DATASET RECORDS:
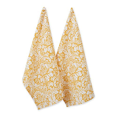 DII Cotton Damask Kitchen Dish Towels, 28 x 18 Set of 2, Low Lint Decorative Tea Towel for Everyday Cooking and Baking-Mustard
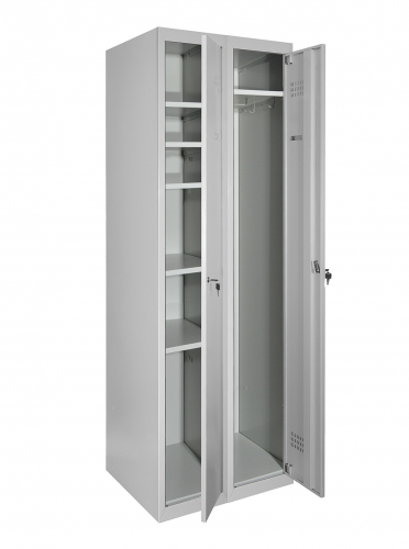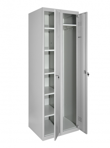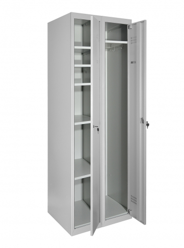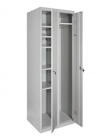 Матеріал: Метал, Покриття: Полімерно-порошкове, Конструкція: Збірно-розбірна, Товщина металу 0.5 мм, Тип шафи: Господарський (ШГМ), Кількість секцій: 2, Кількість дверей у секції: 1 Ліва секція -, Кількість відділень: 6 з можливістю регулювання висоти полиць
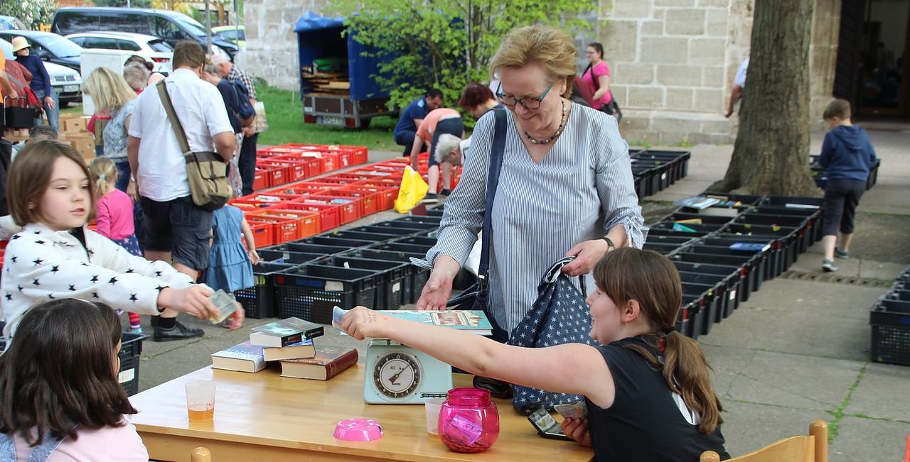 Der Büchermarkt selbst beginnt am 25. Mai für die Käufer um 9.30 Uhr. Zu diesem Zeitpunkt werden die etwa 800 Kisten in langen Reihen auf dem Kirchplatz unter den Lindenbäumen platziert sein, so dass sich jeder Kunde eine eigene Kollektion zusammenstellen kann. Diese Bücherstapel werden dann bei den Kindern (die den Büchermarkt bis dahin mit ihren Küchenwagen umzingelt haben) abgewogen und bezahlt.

--

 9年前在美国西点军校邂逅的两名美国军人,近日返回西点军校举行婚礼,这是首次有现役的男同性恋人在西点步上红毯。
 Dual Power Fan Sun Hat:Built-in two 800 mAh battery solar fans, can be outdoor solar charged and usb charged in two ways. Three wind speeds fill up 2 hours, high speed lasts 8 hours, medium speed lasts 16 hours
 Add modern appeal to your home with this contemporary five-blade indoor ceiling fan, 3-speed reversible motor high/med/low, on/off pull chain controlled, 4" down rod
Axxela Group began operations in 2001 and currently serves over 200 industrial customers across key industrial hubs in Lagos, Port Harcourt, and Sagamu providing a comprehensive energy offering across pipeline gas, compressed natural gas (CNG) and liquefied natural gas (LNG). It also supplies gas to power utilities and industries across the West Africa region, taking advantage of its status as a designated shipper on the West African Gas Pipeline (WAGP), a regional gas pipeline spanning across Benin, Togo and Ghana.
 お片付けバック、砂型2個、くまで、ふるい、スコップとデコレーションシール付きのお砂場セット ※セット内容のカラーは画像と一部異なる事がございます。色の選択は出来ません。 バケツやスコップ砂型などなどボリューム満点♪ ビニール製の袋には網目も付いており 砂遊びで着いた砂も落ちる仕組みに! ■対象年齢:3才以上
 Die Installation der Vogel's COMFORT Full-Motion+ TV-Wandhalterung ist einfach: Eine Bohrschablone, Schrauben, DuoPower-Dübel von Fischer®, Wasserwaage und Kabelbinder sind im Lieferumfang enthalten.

EXERCISE REQUIREMENTS:
Using the entries above, give back exactly the line containing "Axxela Group began", the line containing "Die Installation der", and every line between them, and nothing else.

TASK RESULT:
Axxela Group began operations in 2001 and currently serves over 200 industrial customers across key industrial hubs in Lagos, Port Harcourt, and Sagamu providing a comprehensive energy offering across pipeline gas, compressed natural gas (CNG) and liquefied natural gas (LNG). It also supplies gas to power utilities and industries across the West Africa region, taking advantage of its status as a designated shipper on the West African Gas Pipeline (WAGP), a regional gas pipeline spanning across Benin, Togo and Ghana.
 お片付けバック、砂型2個、くまで、ふるい、スコップとデコレーションシール付きのお砂場セット ※セット内容のカラーは画像と一部異なる事がございます。色の選択は出来ません。 バケツやスコップ砂型などなどボリューム満点♪ ビニール製の袋には網目も付いており 砂遊びで着いた砂も落ちる仕組みに! ■対象年齢:3才以上
 Die Installation der Vogel's COMFORT Full-Motion+ TV-Wandhalterung ist einfach: Eine Bohrschablone, Schrauben, DuoPower-Dübel von Fischer®, Wasserwaage und Kabelbinder sind im Lieferumfang enthalten.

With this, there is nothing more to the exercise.